## EXERCISE PROMPT
The response consists of the lines from the start of the material below through the line holding "孙允珠的美图,你们喜欢哪种的黑色吊带连衣裙", repeated word for word and without pictures.

## DATASET

-*-

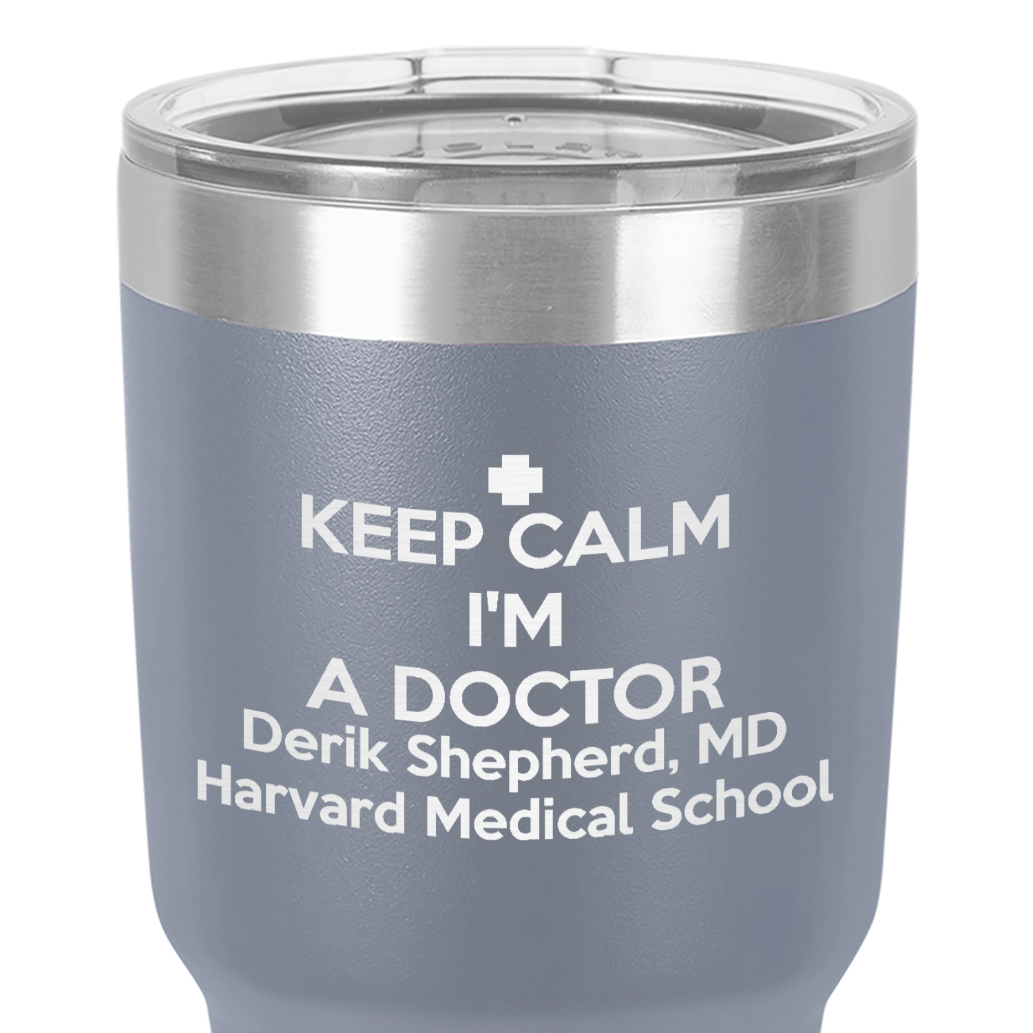 This design features a subtle background with different medical symbols. It is a navy blue with cream accents. There is a large ribbon where your personalization goes! The coordinating design features a quote that says "keep calm, I'm a doctor." This is such a fun design for any medical doctor!
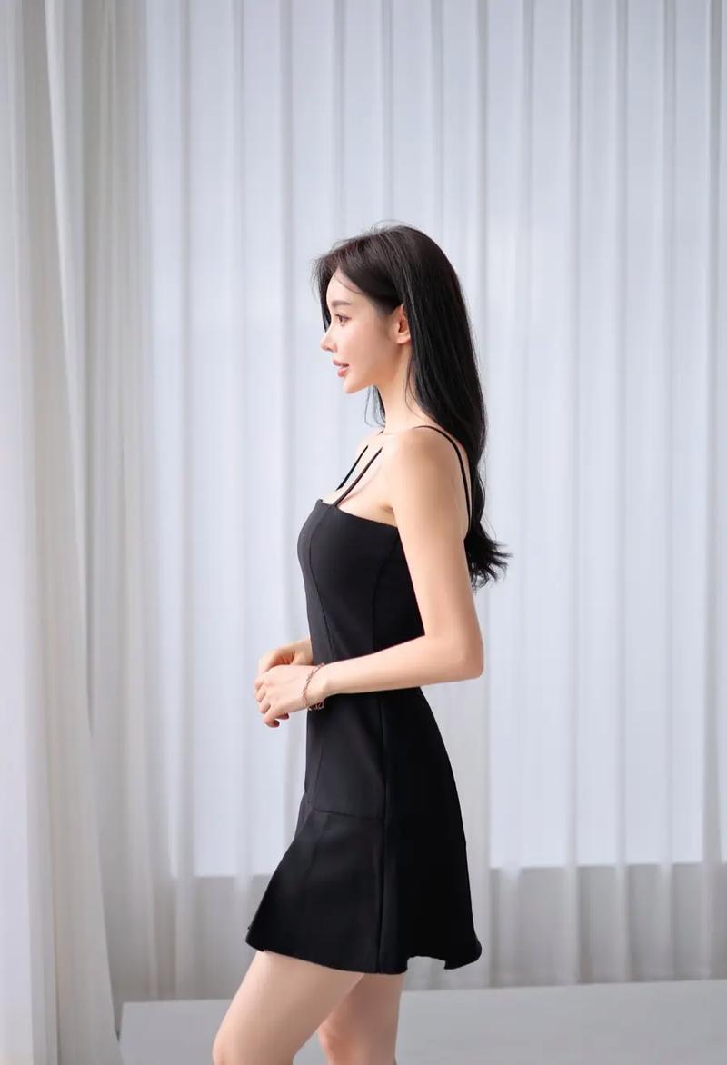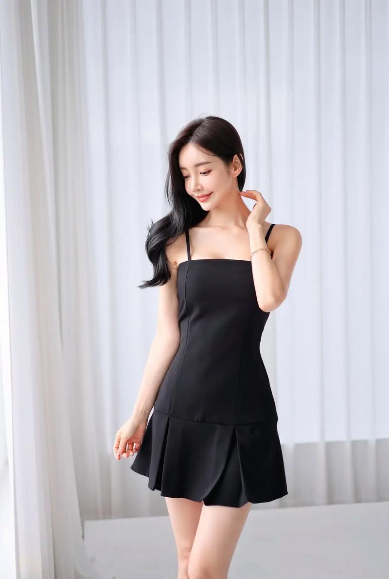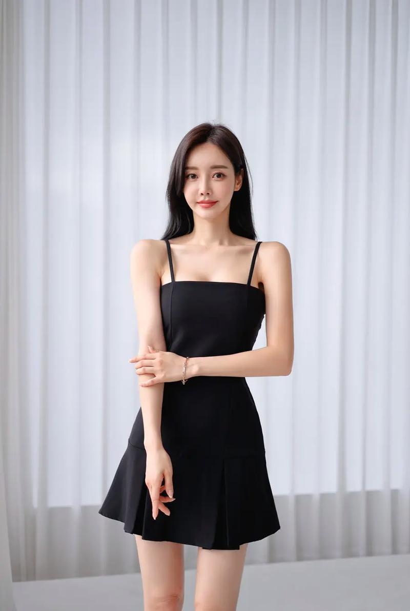 孙允珠的美图,你们喜欢哪种的黑色吊带连衣裙
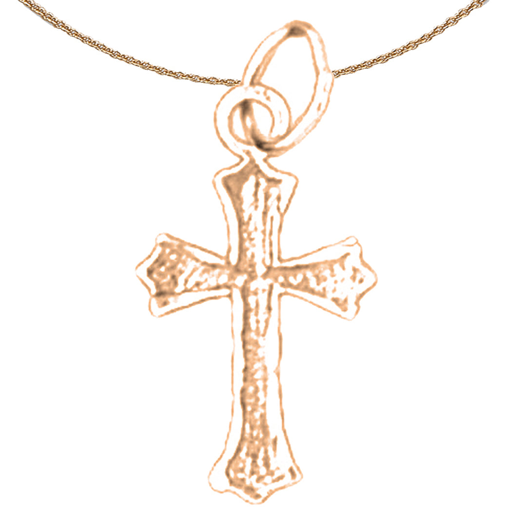 This is an elegant 14K or 18K gold cross pendant. This 14K or 18K gold pendant measures 20 mm in length by 10 mm in width. Measurement includes bale. JewelsObsession creates all gold jewelry in our state of the art manufacturing facility.
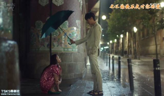 第一集结尾,打着伞的男主冒雨来接孤单无措的女主,伞面一点点上移,男主的脸一点点露出来,然后女主满眼欣喜感,这一幕的拍摄手法又分分钟让人想起《朝九晚五~霸道和尚爱上我》
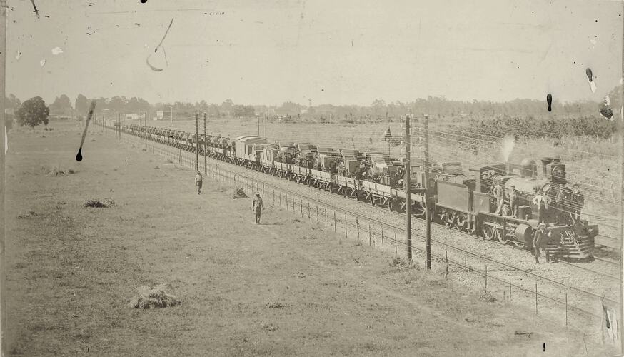 Train travelling through a field loaded with numerous Sunshine harvesters. Several men stand at the front on the engine and pose for the photograph. Two men walk beside the train in the nearby field.
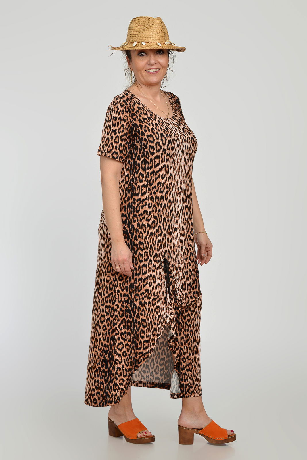 Pierino Rochie lunga A-line din tricot de vascoza cu siret la poale, imprimeu animal print
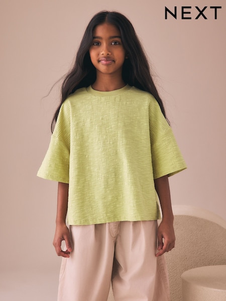 Green Textured Oversized Boxy T-Shirt (3-16yrs)
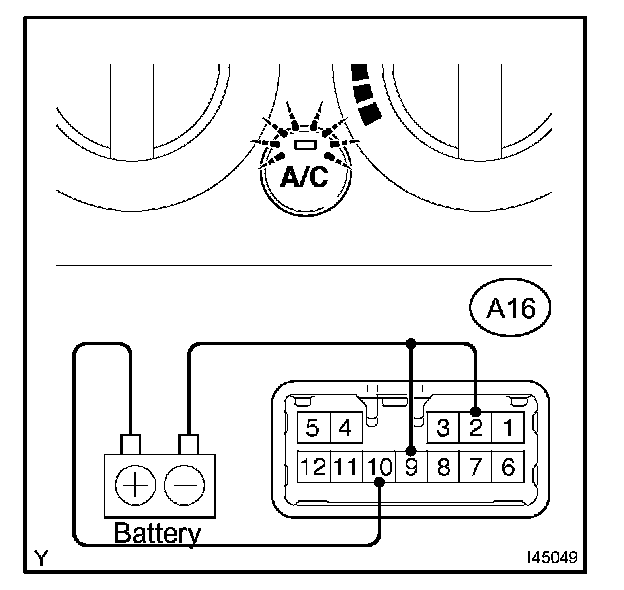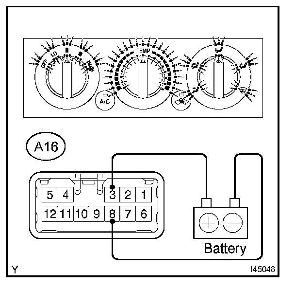 3. Under the above condition, connect the positive (+) lead from the battery to terminal 3 (ILL+) and then check that the indicator dims.
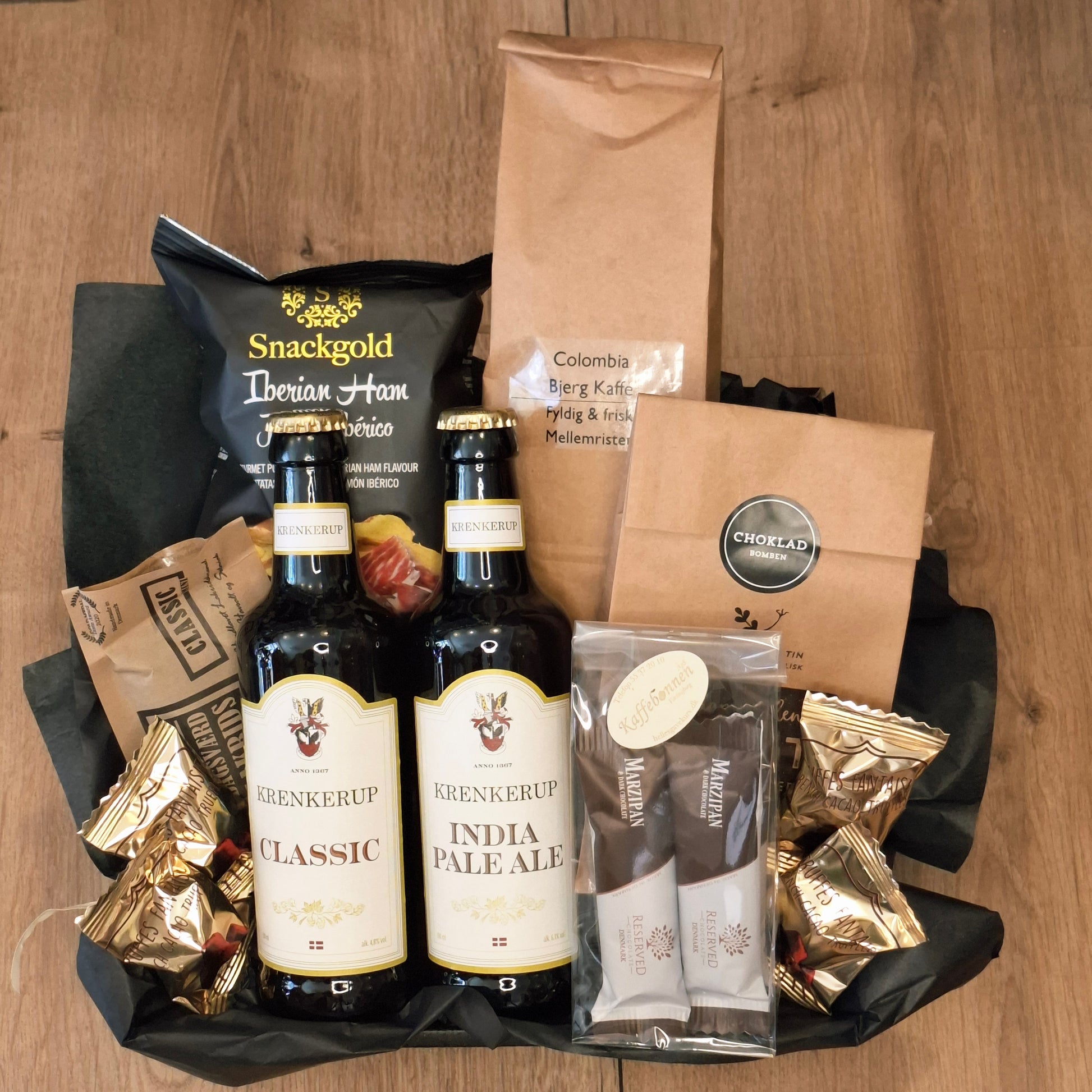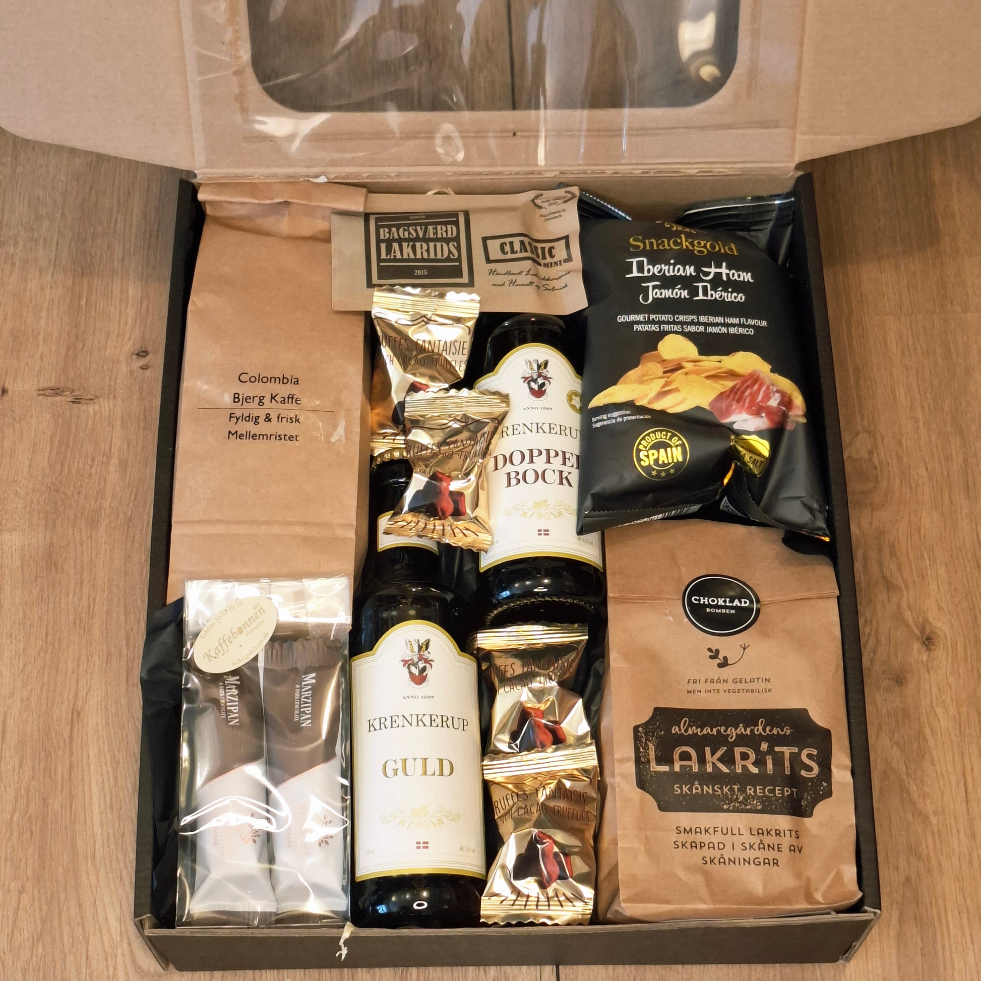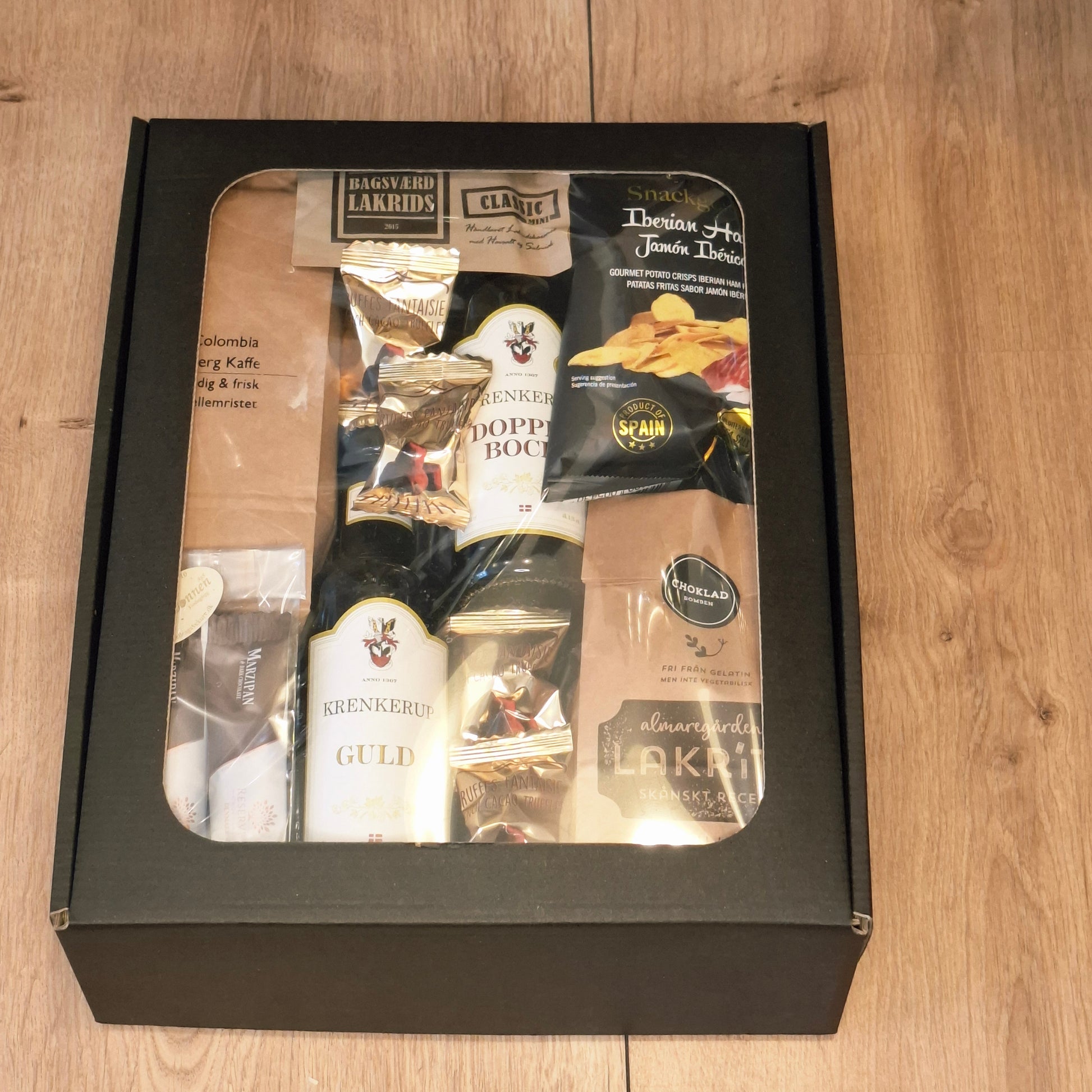 Det er en smagfuld gave fyldt med både søde fristelser, til den skønne kaffe, samt en delikat vin til en hyggelig stund. En harmonisk blanding, der vil glæde alle.

-*-

## EXERCISE RESULT
 This design features a subtle background with different medical symbols. It is a navy blue with cream accents. There is a large ribbon where your personalization goes! The coordinating design features a quote that says "keep calm, I'm a doctor." This is such a fun design for any medical doctor!
 孙允珠的美图,你们喜欢哪种的黑色吊带连衣裙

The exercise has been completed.